Instructions to follow:
Only the lines from the one with "ys7497376; 板締め絞り相良刺繍花々に抽象模様洒落袋帯【着】" through the last line of the data below are to be duplicated, exactly and without pictures.

--- Data for analysis ---

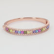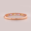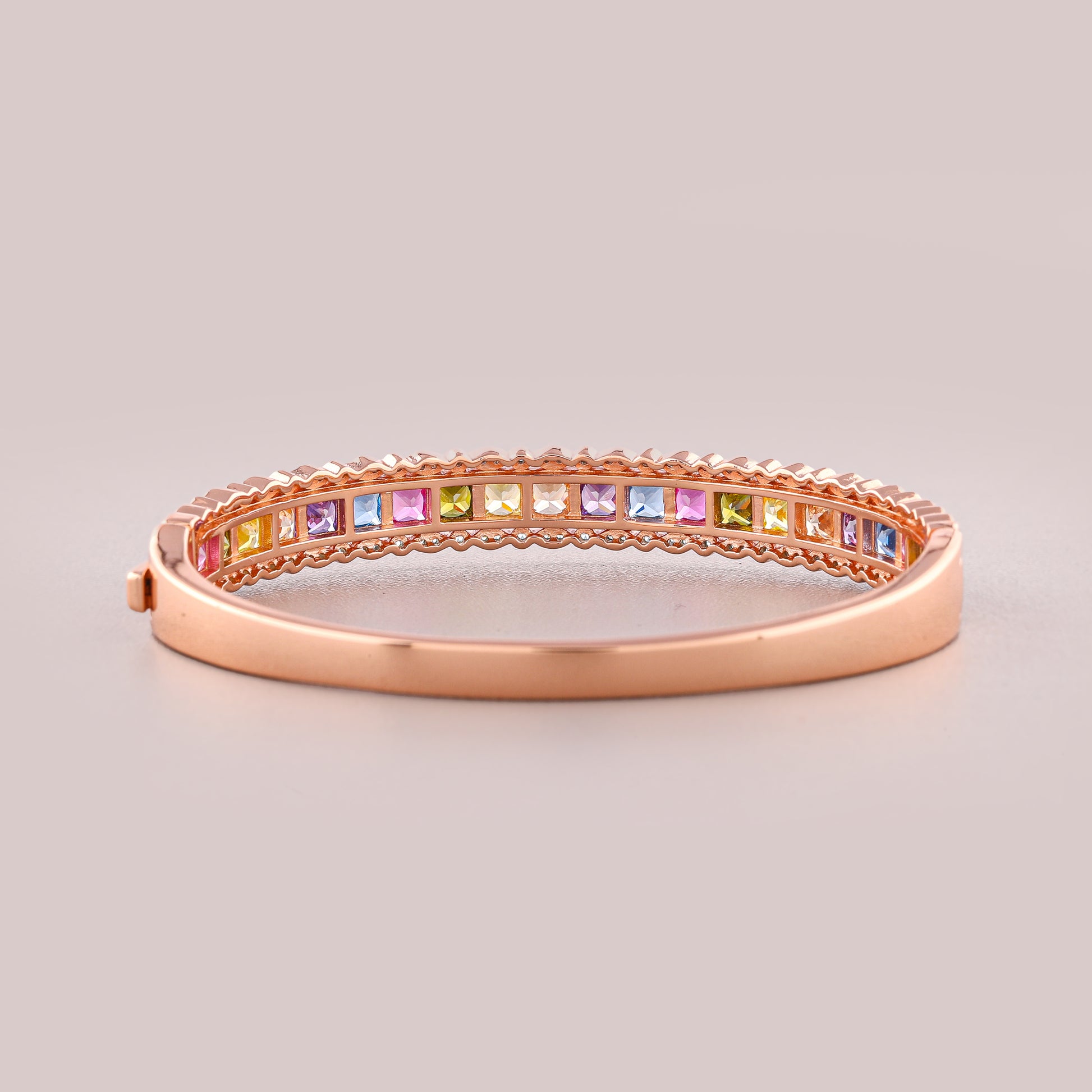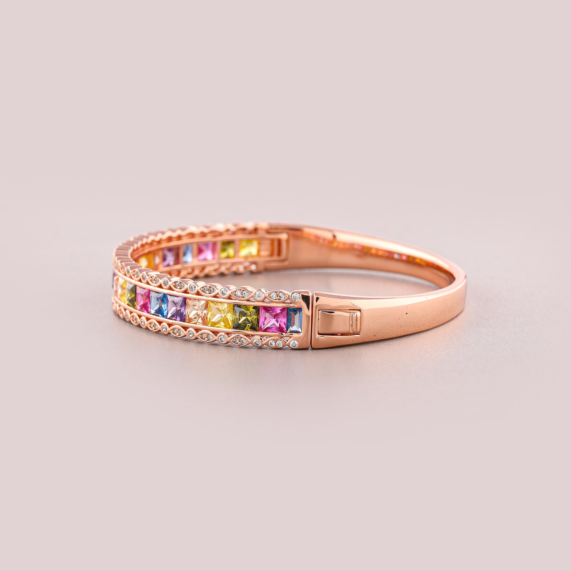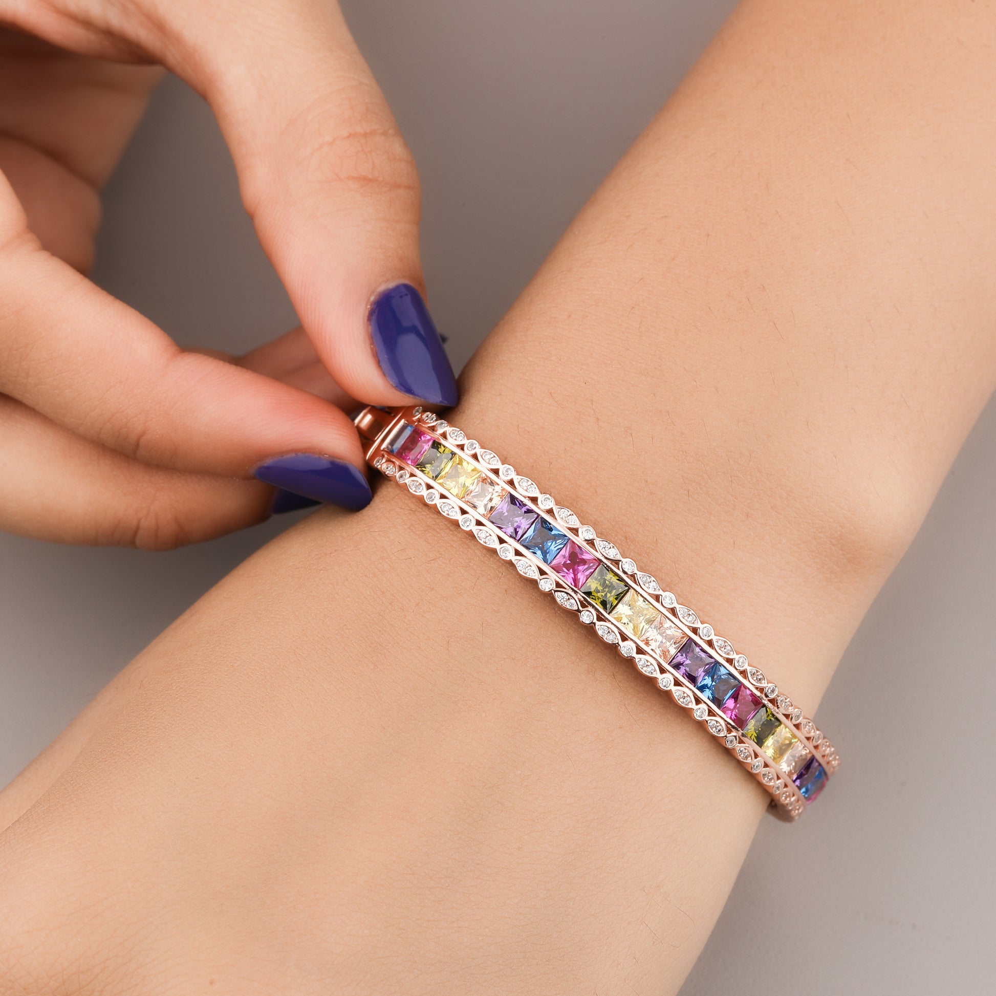 This vibrant bracelet is a true celebration of color and style! With its dazzling square-cut rainbow stones framed in a rose gold setting and delicate border of sparkling crystals, it makes a strong fashion statement. Perfect for those who love to stand out with elegance. 💖✨
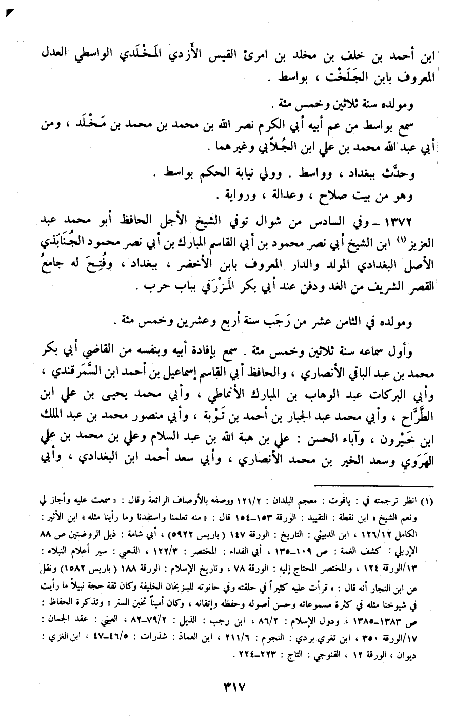 1372 - وفي السادس من شوال توفي الشيخ الأجل الحافظ أبو محمد عبد العزيز ابن الشيخ أبي نصر محمود بن أبي القاسم المبارك بن أبي نصر محمود الجنابذي الأصل البغدادي المولد والدار المعروف بابن الأخضر، ببغداد، وفتح له جامع القصر الشريف من الغد ودفن عند أبي بكر المزرفي بباب حرب.
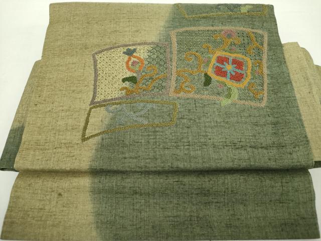 ys7497376; 板締め絞り相良刺繍花々に抽象模様洒落袋帯【着】
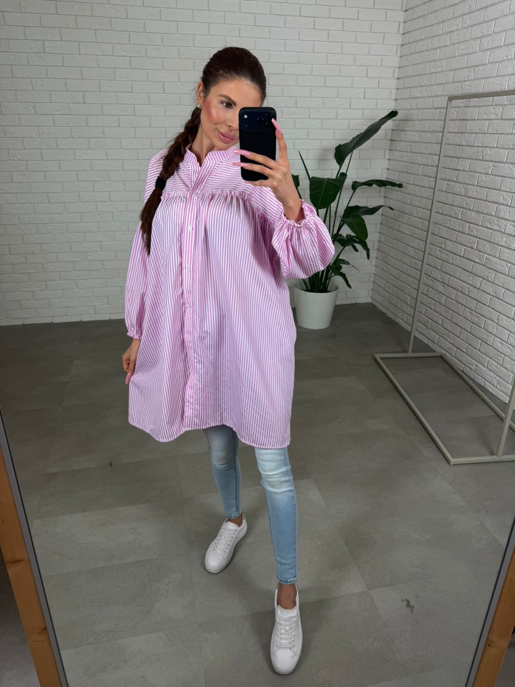 Zvislé pruhy opticky zoštíhľujú a predlžujú siluetu, vďaka čomu pôsobí outfit upravene a žensky bez námahy. Rukávy sú výrazne voľné a zakončené jemnou elastickou gumičkou, ktorá vytvára pekný objem a zároveň zabezpečí pohodlie pri nosení. Vďaka svojej dĺžke je košeľa ideálna nielen ku legínam alebo džínsom, ale môžeš ju nosiť aj samostatne ako ľahké letné šaty. Veľkostne sadne na konfekčné veľkosti M až XL.
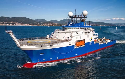 Among the key items of equipment are three multi-beam echosounder arrays totalling 11 tonnes of sonars, 15 other acoustic sensors, a special system for microplastic water assessment, and seven over-the-side launch and recovery handling systems for underwater robots and other tools.
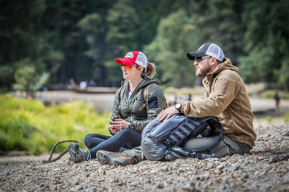 Die Konstruktion ist durchdacht, wobei der Schwerpunkt auf der Strapazierfähigkeit liegt - Verstärkungen an den Schultern und Ellbogen mit Nylongewebe erhöhen die Abriebfestigkeit und verbessern die Funktionalität beim Tragen eines Rucksacks. Netzeinsätze unter den Achseln sorgen für eine bessere Belüftung. Der Kapuzenpullover kann mit Klettverschlüssen an den Ärmeln individuell angepasst werden.
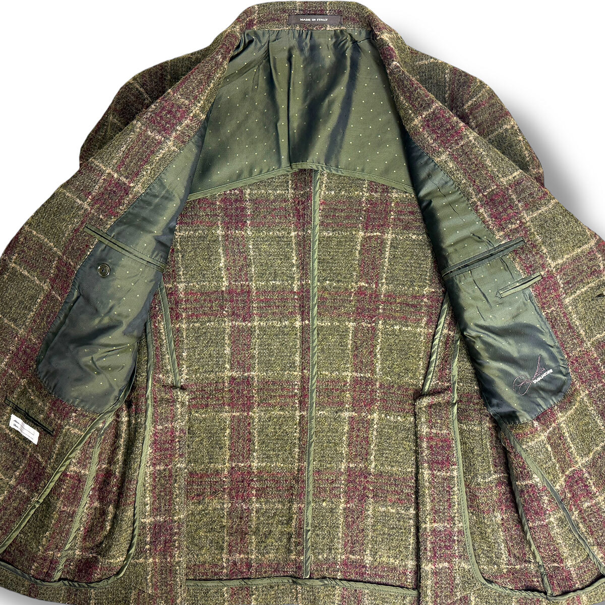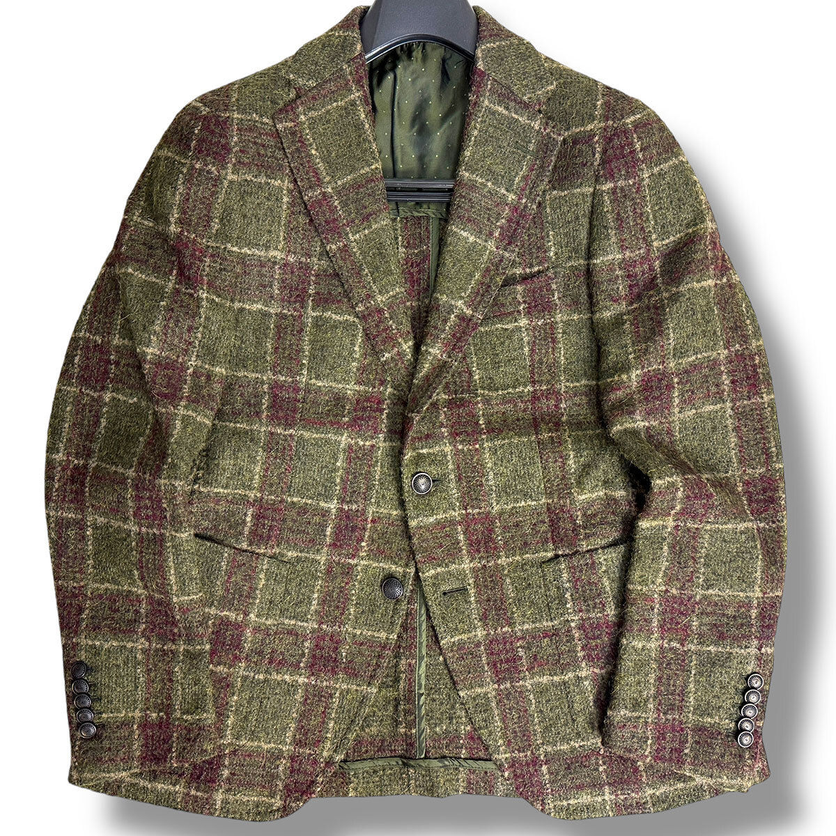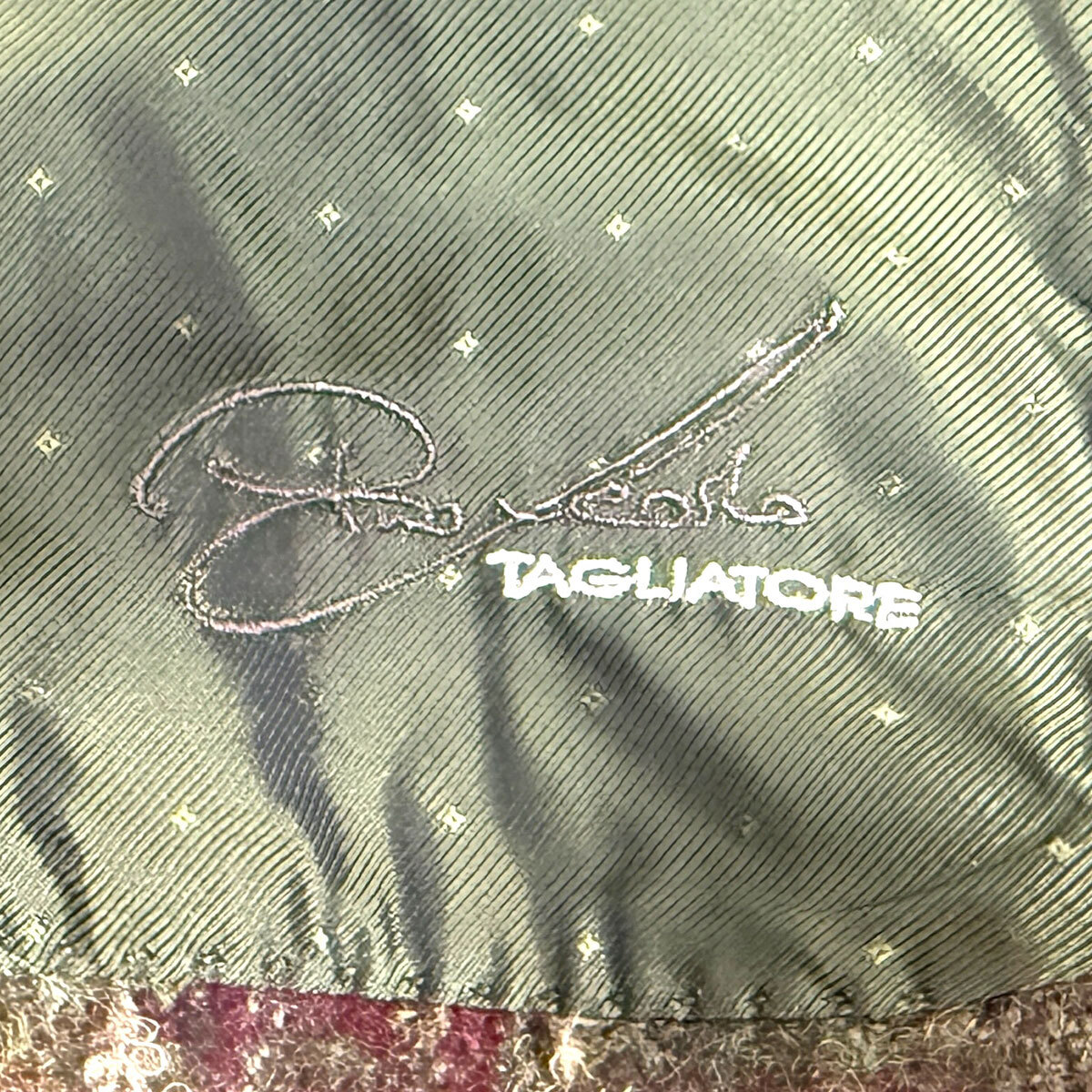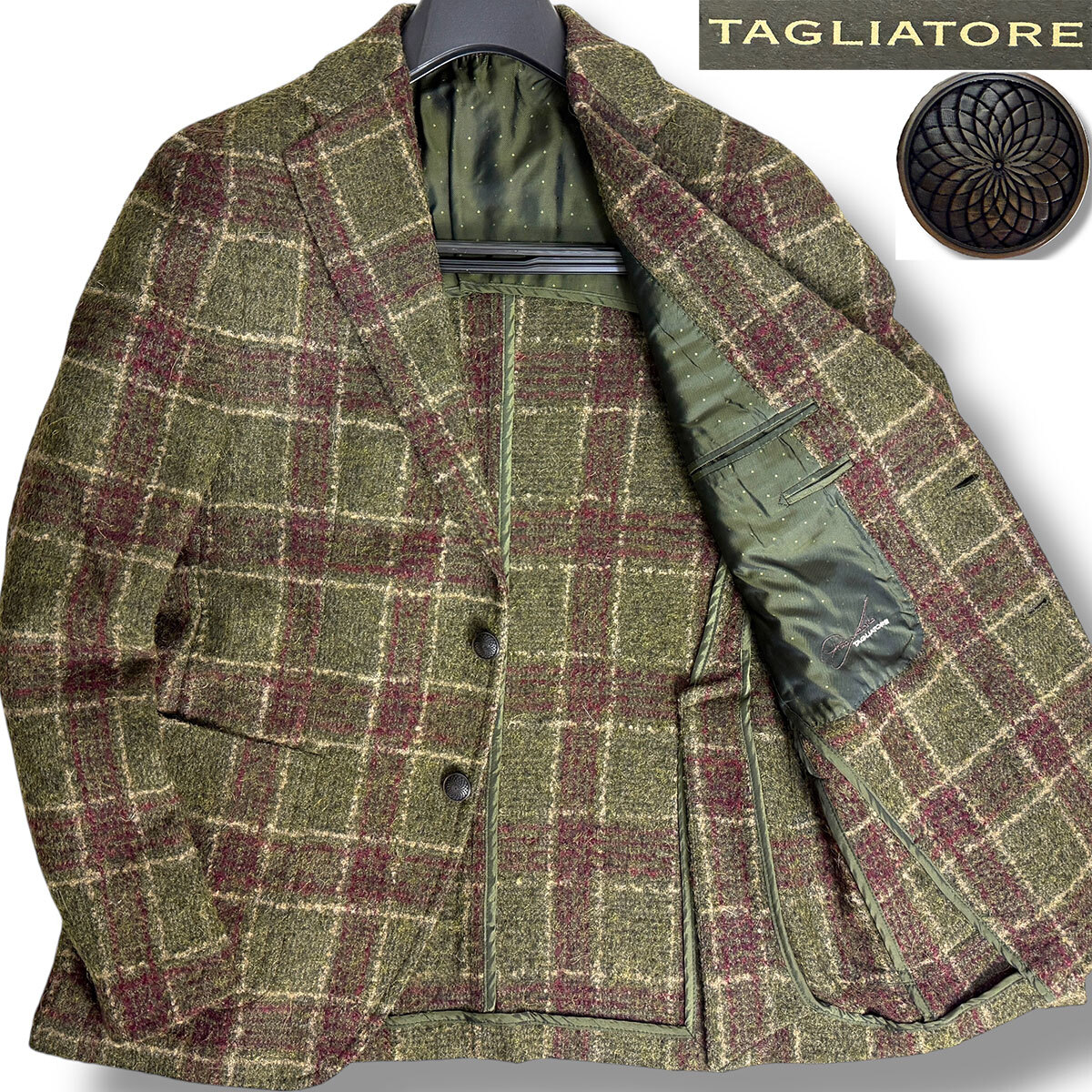 J7424 美品 タリアトーレ PINO LERARIO チェック柄ツイードジャケット ブラウン 48 TAGLIATORE

---

Exercise result:
 ys7497376; 板締め絞り相良刺繍花々に抽象模様洒落袋帯【着】
 Zvislé pruhy opticky zoštíhľujú a predlžujú siluetu, vďaka čomu pôsobí outfit upravene a žensky bez námahy. Rukávy sú výrazne voľné a zakončené jemnou elastickou gumičkou, ktorá vytvára pekný objem a zároveň zabezpečí pohodlie pri nosení. Vďaka svojej dĺžke je košeľa ideálna nielen ku legínam alebo džínsom, ale môžeš ju nosiť aj samostatne ako ľahké letné šaty. Veľkostne sadne na konfekčné veľkosti M až XL.
 Among the key items of equipment are three multi-beam echosounder arrays totalling 11 tonnes of sonars, 15 other acoustic sensors, a special system for microplastic water assessment, and seven over-the-side launch and recovery handling systems for underwater robots and other tools.
 Die Konstruktion ist durchdacht, wobei der Schwerpunkt auf der Strapazierfähigkeit liegt - Verstärkungen an den Schultern und Ellbogen mit Nylongewebe erhöhen die Abriebfestigkeit und verbessern die Funktionalität beim Tragen eines Rucksacks. Netzeinsätze unter den Achseln sorgen für eine bessere Belüftung. Der Kapuzenpullover kann mit Klettverschlüssen an den Ärmeln individuell angepasst werden.
 J7424 美品 タリアトーレ PINO LERARIO チェック柄ツイードジャケット ブラウン 48 TAGLIATORE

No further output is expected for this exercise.